TASK REQUIREMENTS
Restate word for word the entries below, starting at the line with "尽管基础教育有所欠缺,他积极" and ending at the line with "Буква A в коллекции". Keep both end lines and omit the pictures.

RECORD EXCERPTS
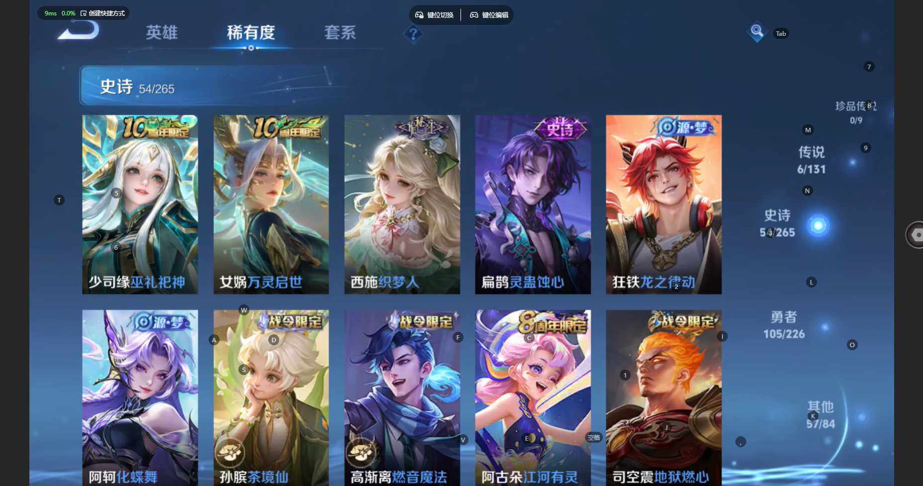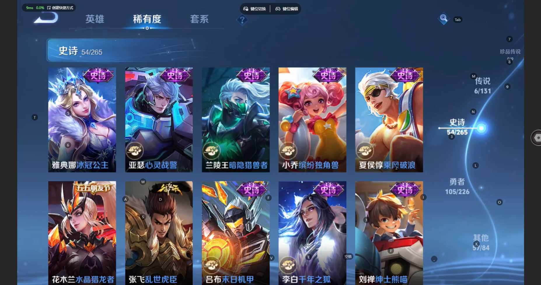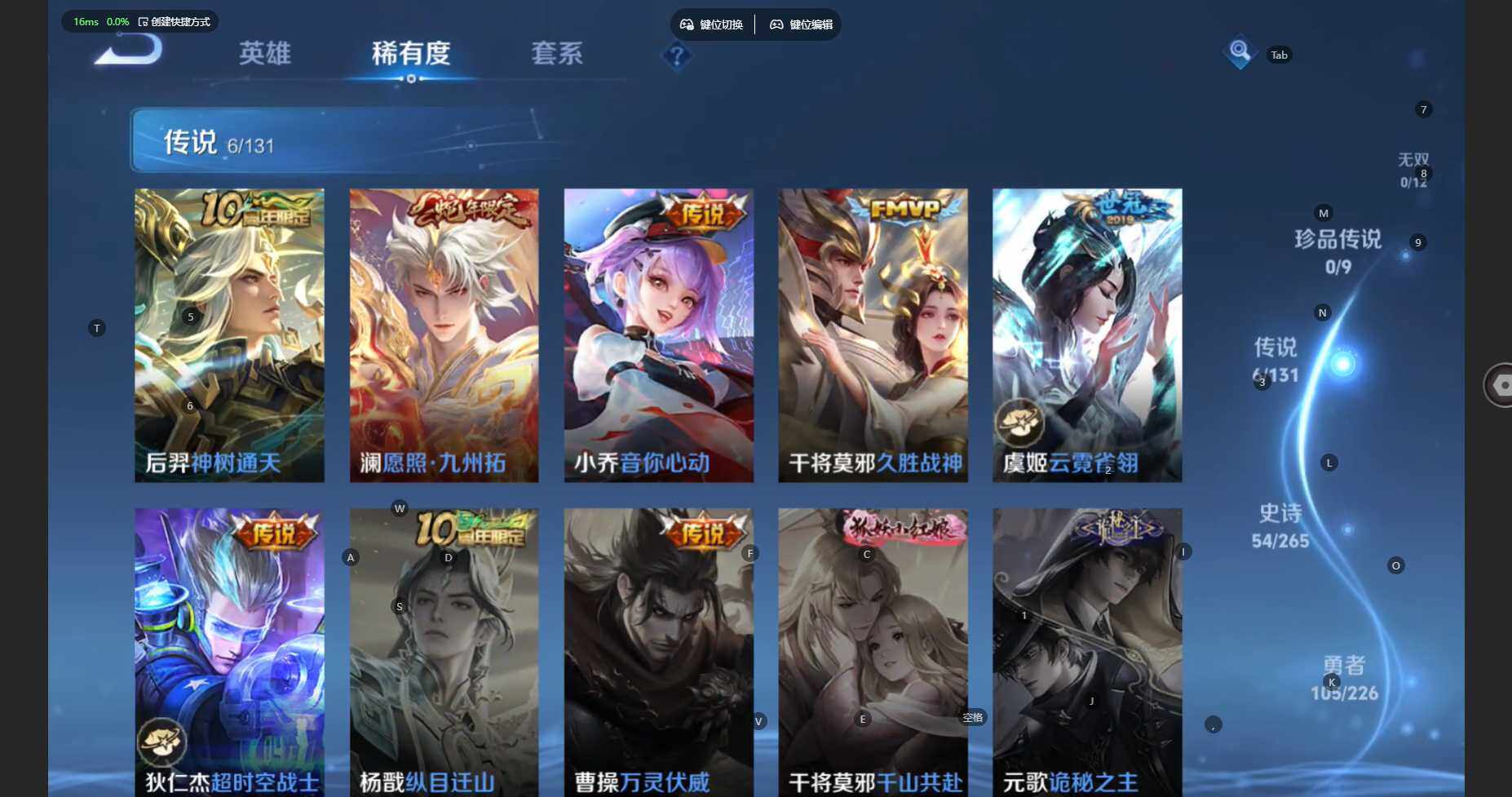 126英雄-223皮肤-苹果q-v7-最强王者段位-126英雄-223皮肤-1典藏皮肤-6传说-54史诗 【荣耀典藏】:韩信弑呛猎影 【传说皮肤】:后羿神树通天,澜愿照九州拓,小乔音你心动,干将莫邪久胜战神,虞姬云霓雀翎,狄仁杰超时空战士 【限定皮肤】:姜子牙天穹之誓,杨戬破阵退雄兵,狄仁杰阴阳师,赵云皇家上将,高渐离玩趣恶龙,元歌无心,马可波罗山海玄木吟,狄仁杰魔术师,达摩沙漠行僧,项羽海滩派对,兰陵王金庭之子,孙
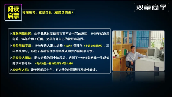尽管基础教育有所欠缺,他积极弥补知识短板:1995年启用电脑,1996年接入互联网开拓全球视野,同年进入浙江大学系统学习企业管理,构建管理认知并养成阅读习惯。此后,2009年起频繁赴美的十年间,他通过深度阅读实现了从碎片化学习到系统性思考的转变。
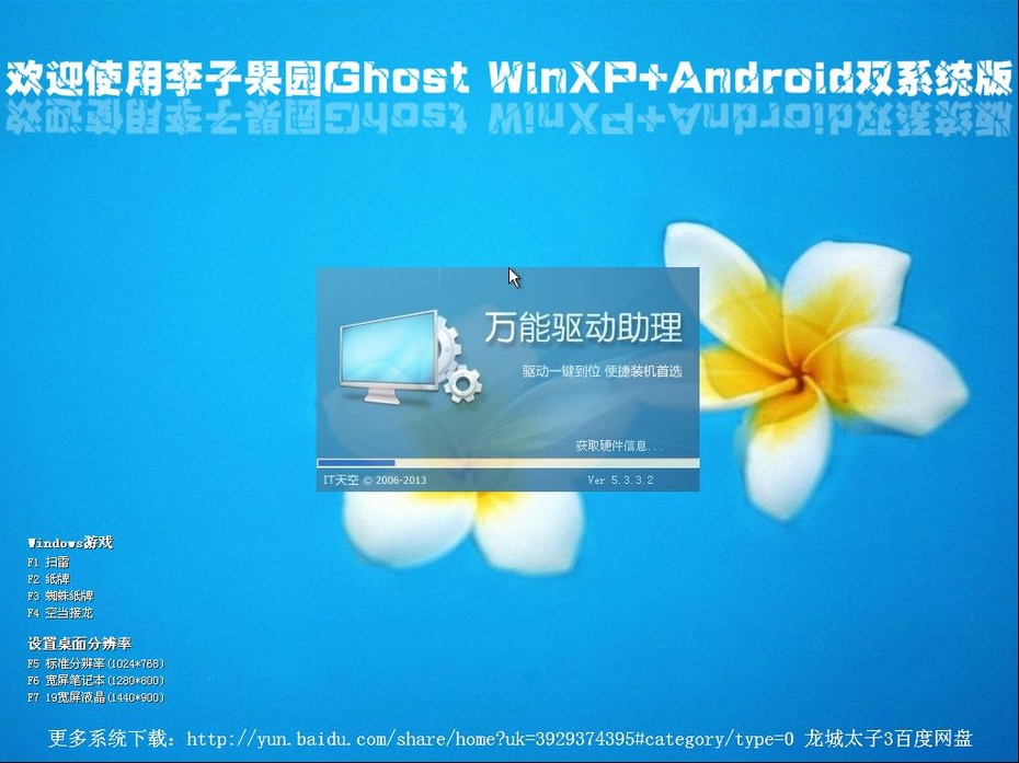本套系统包括WinXP+Android-x86、Win7 64位旗舰版+Android-x86、Win8 64位专业版+Android-x86三版系统,预装Android-x86安卓4.3,若4.3无法启动或有其它问题,请换其它Android-x86版本,
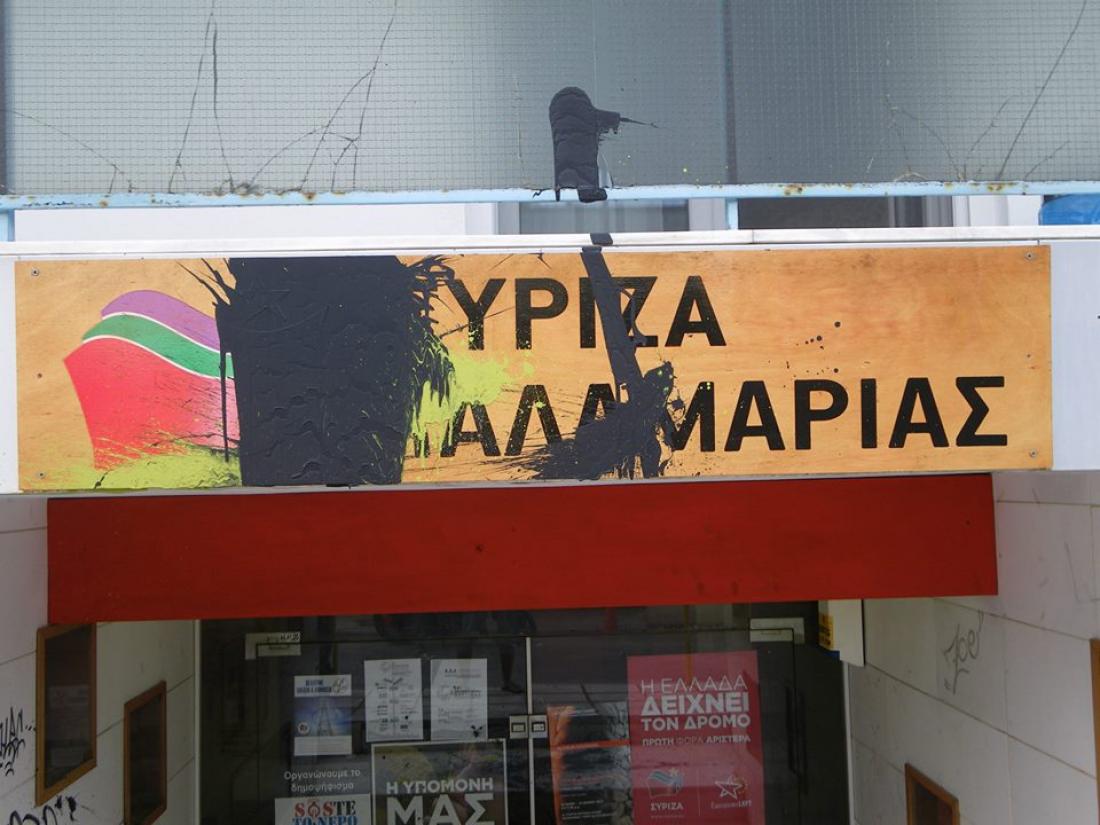 Επίθεση από άγνωστους δέχθηκαν τα ξημερώματα τα γραφεία του ΣΥΡΙΖΑ, στην Καλαμαριά Θεσσαλονίκης.
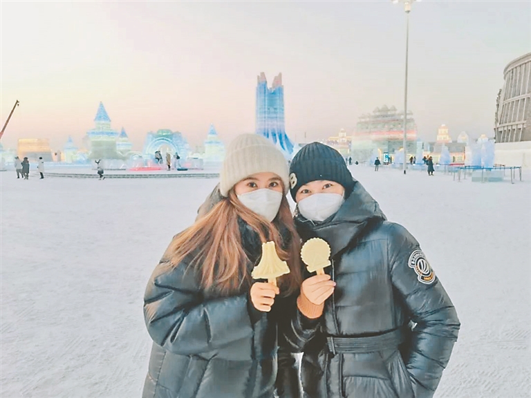 來到哈爾濱冰雪大世界園區(qū)可以看到,看冰雪、吃雪糕、拍照曬圖,已經(jīng)成為許多游客的共同選擇。本報(bào)記者 蔡韜攝
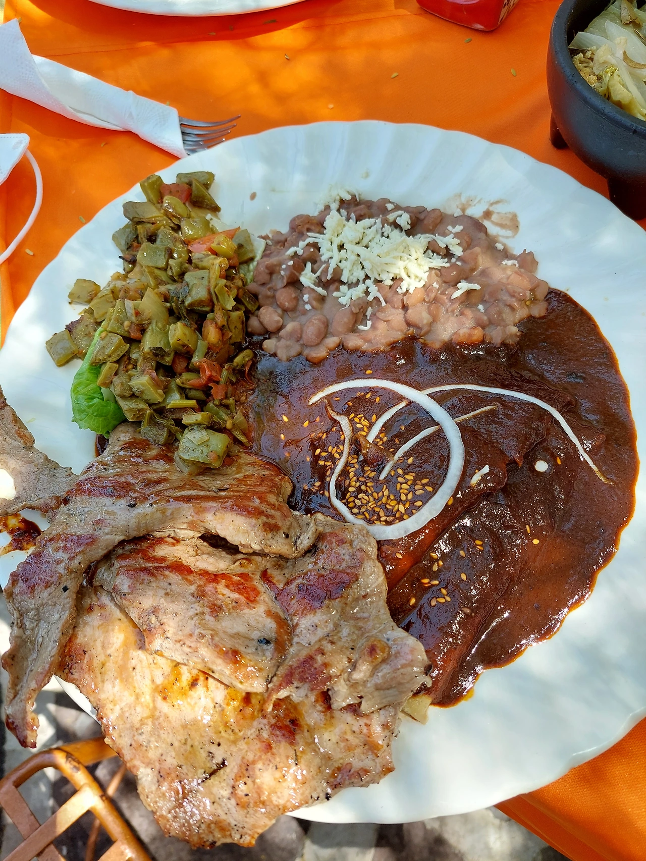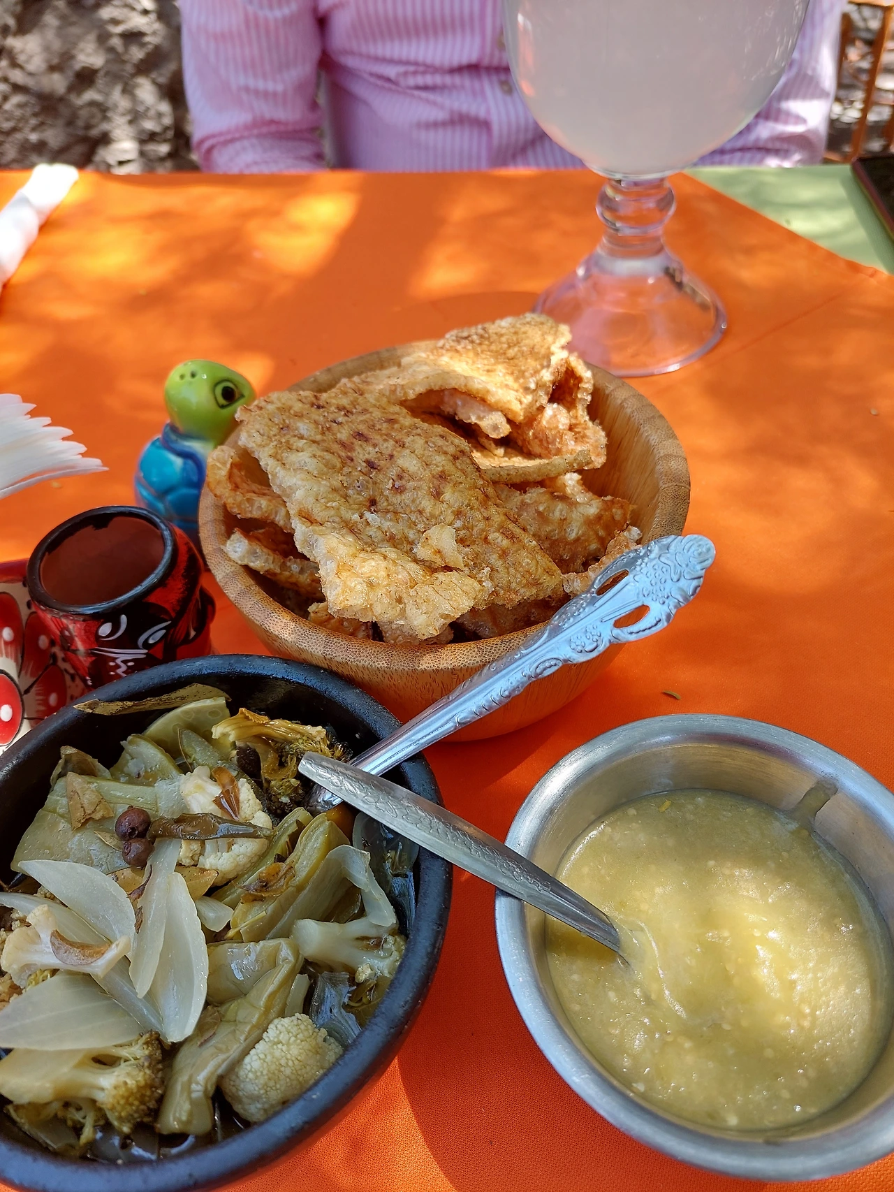 아래 사진의 왼쪽 윗부분에 초록 초록한 것이 선인장에 양념을 묻혀서 구운 건데 정말 건강한 맛이다. 역시 인간은 무슨 재료든 뭐든 다 양념을 쳐서 먹는구나 싶다.
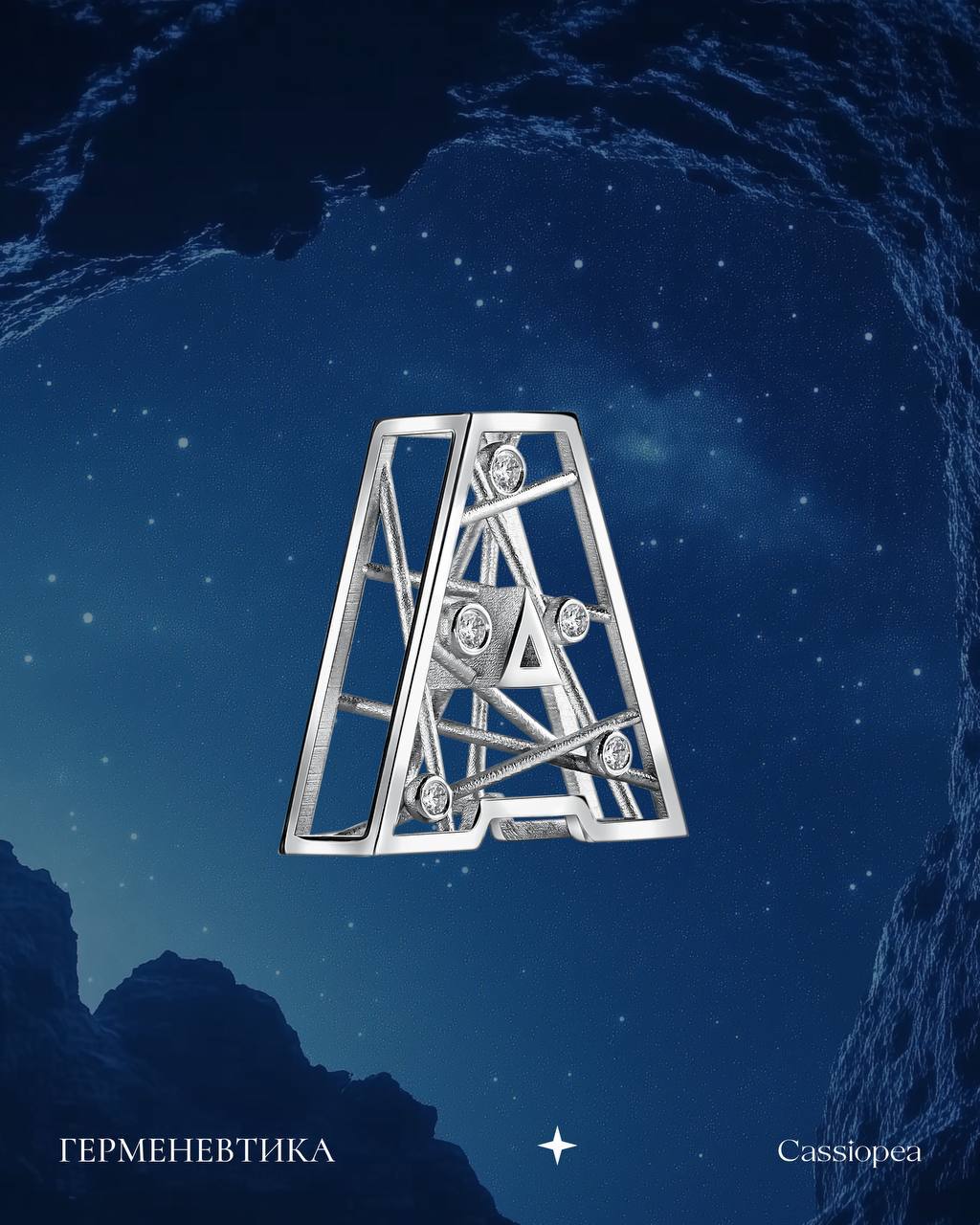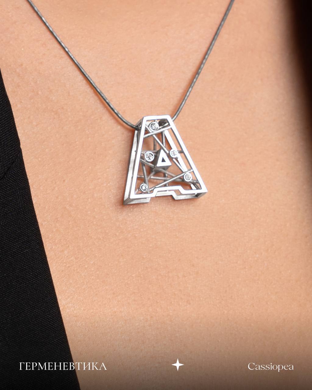 Буква A в коллекции «Герменевтика» - о том же. О моменте, когда что-то только начинается. О внутреннем решении. О новой главе. Это не просто первая буква алфавита. Это символ старта, выбора, начала, за которым следует всё остальное.
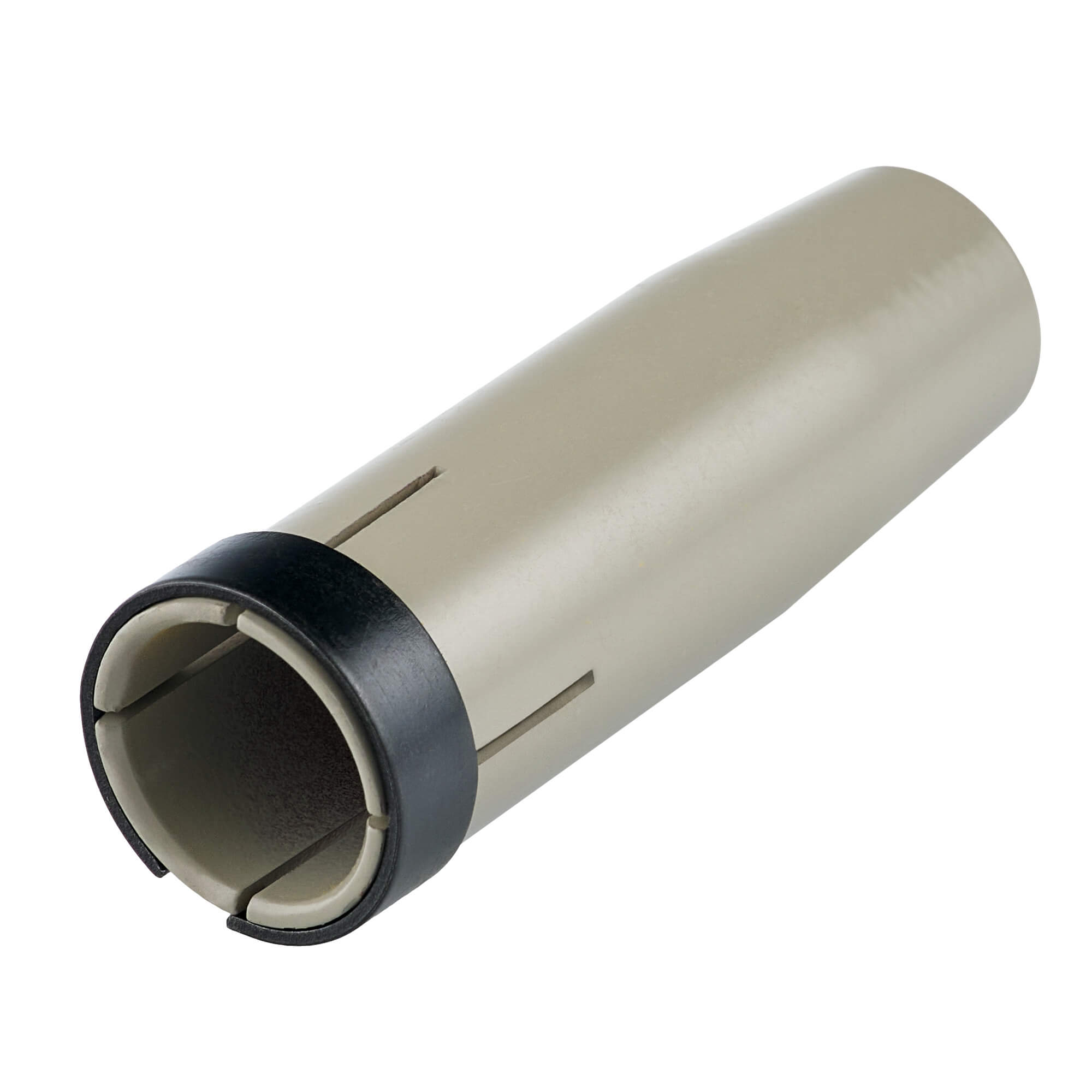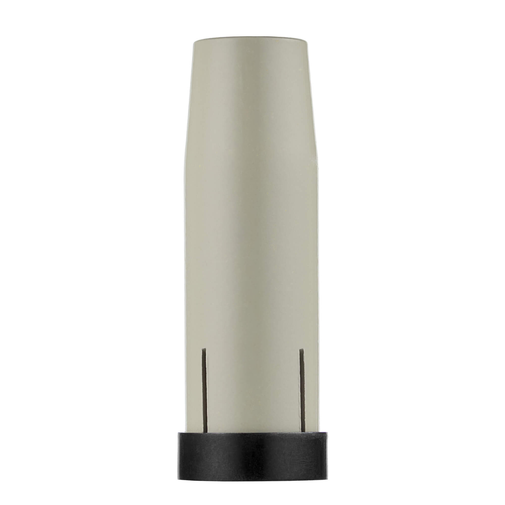 Газораспределительное сопло с керамическим покрытием для полуавтоматических горелок MIG MP 24 и MIG MP 240 всех серий. Выходной внутренний диаметр сопла 12 мм. Сопло используется для равномерного распределения газового потока и для защиты сварочного наконечника от механического воздействия или случайного соприкосновения со свариваемым изделием.Сопло изготовлено из меди, сверху нанесён керамический слой, который работает как электрический и термический изолятор поверхности.Керамическое покрытие наносится специальным технологическим процессом, образуется гомогенный ровный слой, рассчитанный на промышленную эксплуатацию такого газораспределительного сопла. Керамический слой состоит из броннитрида (бор нитрид, BN).Отличительная особенность сопла CRM2412 – это керамическое покрытие:Керамическое покрытие создаёт термобарьер, так как керамика выдерживает очень высокие температуры, не расплавляется и не деформируется.Покрытие препятствует прилипанию сварочных брызг за счёт очень гладкой поверхности. Брызги либо отскакивают, либо слабо держатся и легко счищаются.Из-за отсутствия налипших брызг металла формируется более стабильный газовый поток и дуга. Увеличивается продолжительность работ без остановки и последующей очистки сопла и комплектующих для горелки MIG.Керамический слой заметно увеличивает ресурс сопла и расходных частей сварочной горелки.Область применения сопел с керамическим покрытием:Узкощелевое сваривание труб, толстых стенок. Орбитальная сварка, где сопло или наконечник может задеть стенку свариваемого изделия. В таком случае керамическое покрытие выступает в роли диэлектрика, защищает от коротких замыканий, снижает риск «поджигания» дуги по боковой стенке и медных включений в металл шва.Сварка порошковой проволокой, где нужно увеличить токи и скорость без потери качества корня.Автоматизированные линии и роботизация, где критичны длительные остановки рабочего процесса и присутствует минимальное обслуживание сварочных горелок.
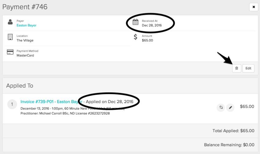 On the Payment panel that pops up, hit the trash can icon to delete the payment. As long as the Received At date and the Applied To date are today’s date, then the payment will be deleted and it’s like it never happened.

COMPLETED TASK
尽管基础教育有所欠缺,他积极弥补知识短板:1995年启用电脑,1996年接入互联网开拓全球视野,同年进入浙江大学系统学习企业管理,构建管理认知并养成阅读习惯。此后,2009年起频繁赴美的十年间,他通过深度阅读实现了从碎片化学习到系统性思考的转变。
本套系统包括WinXP+Android-x86、Win7 64位旗舰版+Android-x86、Win8 64位专业版+Android-x86三版系统,预装Android-x86安卓4.3,若4.3无法启动或有其它问题,请换其它Android-x86版本,
 Επίθεση από άγνωστους δέχθηκαν τα ξημερώματα τα γραφεία του ΣΥΡΙΖΑ, στην Καλαμαριά Θεσσαλονίκης.
 來到哈爾濱冰雪大世界園區(qū)可以看到,看冰雪、吃雪糕、拍照曬圖,已經(jīng)成為許多游客的共同選擇。本報(bào)記者 蔡韜攝
 아래 사진의 왼쪽 윗부분에 초록 초록한 것이 선인장에 양념을 묻혀서 구운 건데 정말 건강한 맛이다. 역시 인간은 무슨 재료든 뭐든 다 양념을 쳐서 먹는구나 싶다.
 Буква A в коллекции «Герменевтика» - о том же. О моменте, когда что-то только начинается. О внутреннем решении. О новой главе. Это не просто первая буква алфавита. Это символ старта, выбора, начала, за которым следует всё остальное.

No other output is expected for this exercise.